If you have money in a 401(k) plan with your employer but would prefer to convert the money to an after-tax Roth IRA, you need to know the Internal Revenue Service (IRS) rules for completing the rollover as well as the tax implications. Though you eventually get the benefits of tax-free distributions, you may have a significantly heavier tax burden in the short term.
401(k) Distributions Allowed to be Rolled Over
The IRS limits when you can take a distribution from your 401(k) plan and which of those distributions can be rolled over into a Roth IRA. You can only remove the money from your 401(k) plan if you suffer a severe financial hardship, leave your job or are at least 59 1/2 years old. However, you cannot roll over money distributed for a financial hardship into a Roth IRA. In addition, you cannot roll over required minimum distributions from your 401(k) plan into a Roth IRA.
To roll over money from your 401(k) plan to your Roth IRA, you first take a distribution from your 401(k) plan. Your employer will withhold money from the distribution for taxes, but you are responsible for depositing the entire amount into a Roth IRA. For example, if you take a $10,000 distribution, your employer may withhold $2,000 for taxes but you would still be required to put $10,000 in your Roth IRA. If you do not put the full amount in, any undeposited amount counts as a withdrawal from your 401(k) plan. After you receive the distribution, you have 60 days to complete the rollover by depositing the amount in your Roth IRA.
The amount of your rollover from your 401(k) plan to your Roth IRA counts as taxable income for the year that you make the rollover. The IRS does not prescribe a specific income tax rate for conversions. Instead, the income is added to your other taxable income for the year. If the amount of the rollover pushes you into a higher tax rate, only the part of the rollover that falls in that bracket is taxed at the higher rate.
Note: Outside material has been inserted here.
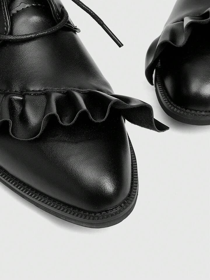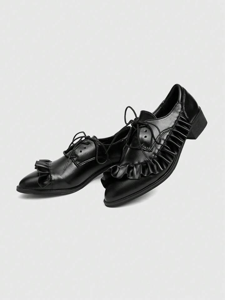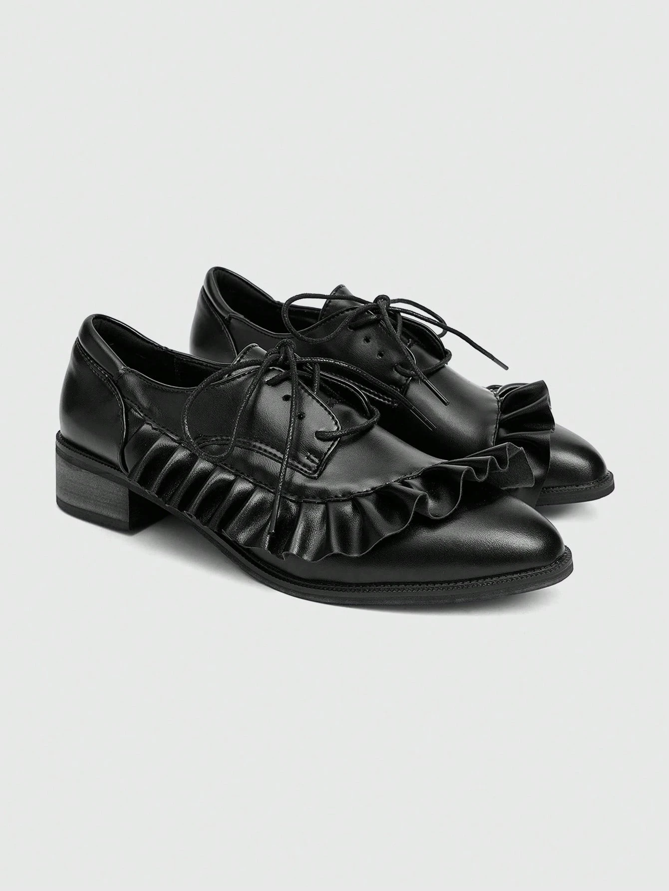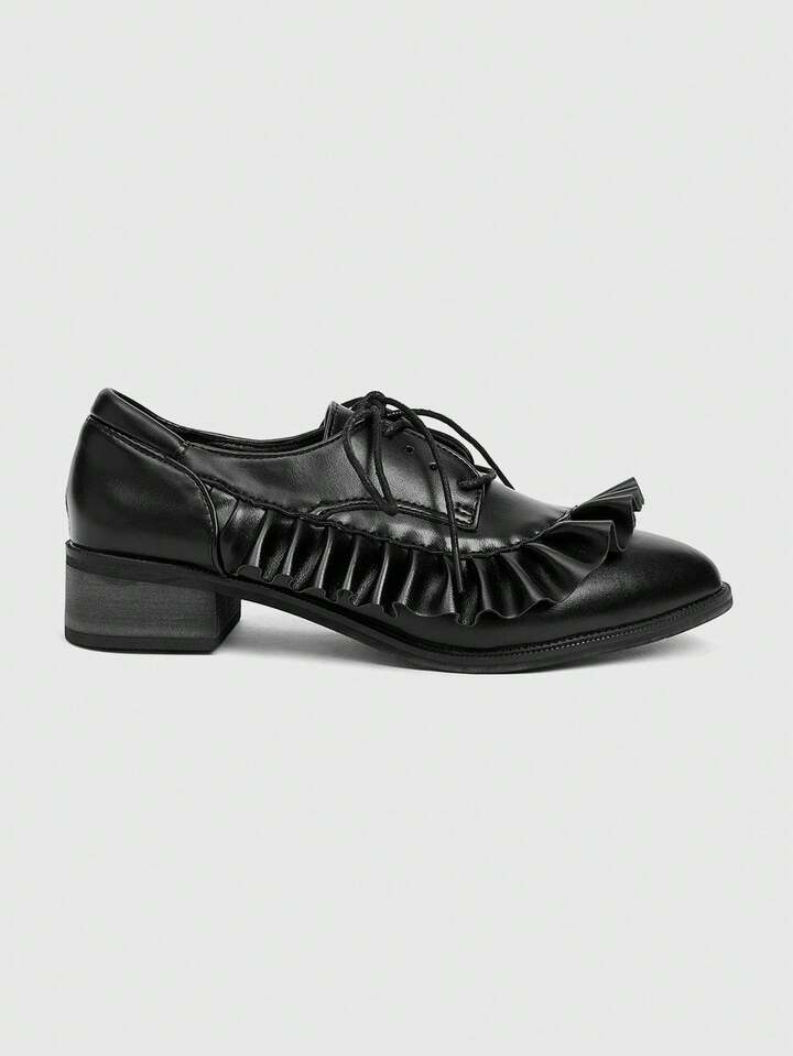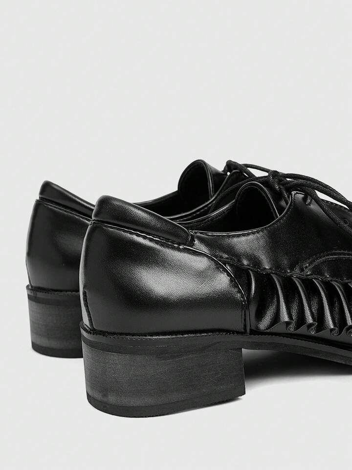 Goth Vintage Pleated Black Leather Shoes, Elegant Lace-Up Design With Chunky Heel, Versatile For Commuting And Dating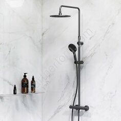 Высота 148см. Верхний душ 25х25см. Назначение: для душа, для ванны. Материал: латунь. Держатель лейки на стойке. Термостат. Цвет: графит

When you file your income taxes for the year, you need to use Form 1040 or Form 1040A. Enter the amount of your rollover as a nontaxable pension and annuity distribution on line 16a of Form 1040 or line 12a of Form 1040A. Next, complete Form 8606 and report the taxable portion on line 16b of Form 1040 or line 12b of Form 1040A. If your employer withheld money when you took the money out of the 401(k) plan, report that amount on line 38 of Form 1040A or line 61 of Form 1040. If you are unsure how much was withheld, check box 4 of your Form 1099-R.